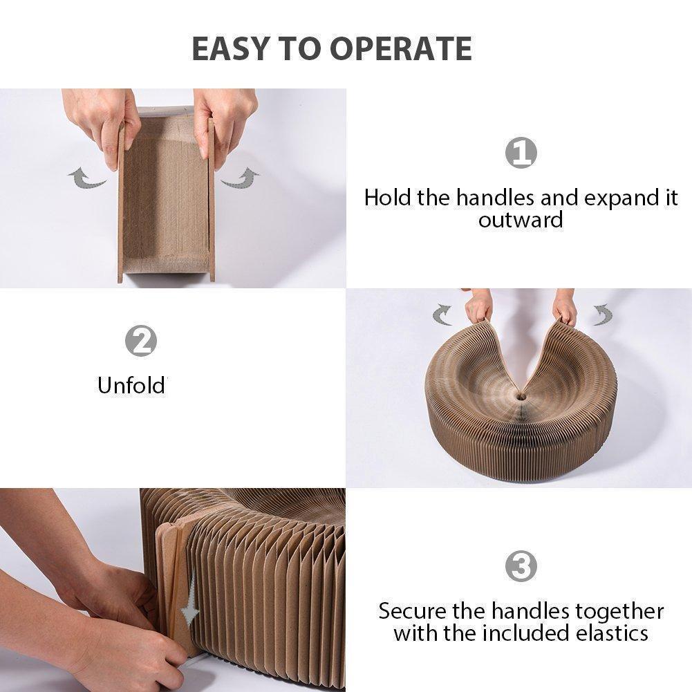Voici un jouet pliable et métamorphe ! Regardez la vidéo pour découvrir comment il se transforme instantanément d'un lit en griffoir ou se replie entièrement pour un rangement facile.
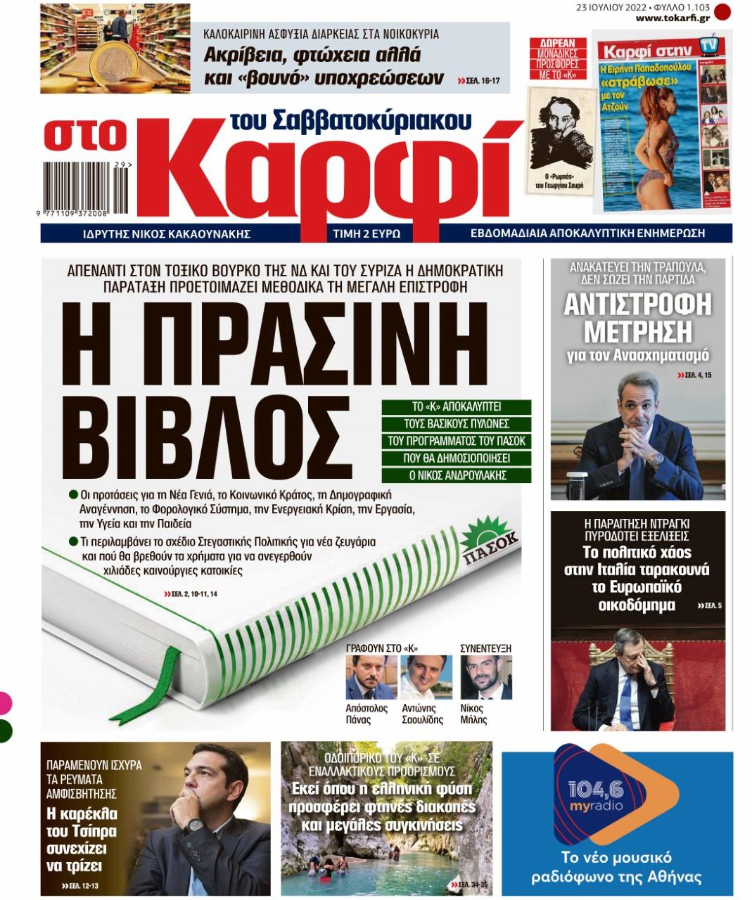 Μη χάσετε το Σάββατο 23 Ιουλίου 2022 το αποκαλυπτικό «ΚΑΡΦΙ» που κυκλοφορεί σε όλα τα περίπτερα της χώρας με πλούσια θεματολογία και πολλές αποκλειστικότητες.
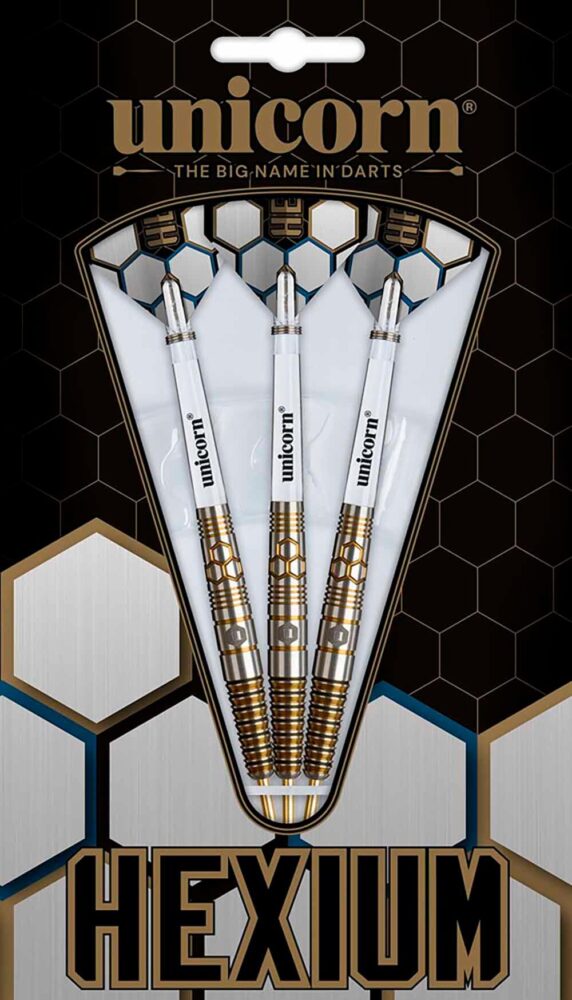 Marca: Unicorn. Gama: Hexium 3. Modelo: Black Gold. Material: 90% Tungsteno. Peso total: 26gr. Peso barril: 24.5gr. Longitud barril: 50.0mm. Diámetro barril: 7.3mm . Tipo de punta: Metal. Rosca de la caña: 2ba 4mm. . El juego de dardos Unicorn Hexium 3 Black Gold se compone por 1 set de 3 cuerpos, 1 set de 3 cañas Unicorn y 1 set de 3 plumas Unicorn

- **Problem details**
With pictures omitted, reproduce exactly the lines from the line containing "Μη χάσετε το" through the end of the data above.

- **Written response**
 Μη χάσετε το Σάββατο 23 Ιουλίου 2022 το αποκαλυπτικό «ΚΑΡΦΙ» που κυκλοφορεί σε όλα τα περίπτερα της χώρας με πλούσια θεματολογία και πολλές αποκλειστικότητες.
 Marca: Unicorn. Gama: Hexium 3. Modelo: Black Gold. Material: 90% Tungsteno. Peso total: 26gr. Peso barril: 24.5gr. Longitud barril: 50.0mm. Diámetro barril: 7.3mm . Tipo de punta: Metal. Rosca de la caña: 2ba 4mm. . El juego de dardos Unicorn Hexium 3 Black Gold se compone por 1 set de 3 cuerpos, 1 set de 3 cañas Unicorn y 1 set de 3 plumas Unicorn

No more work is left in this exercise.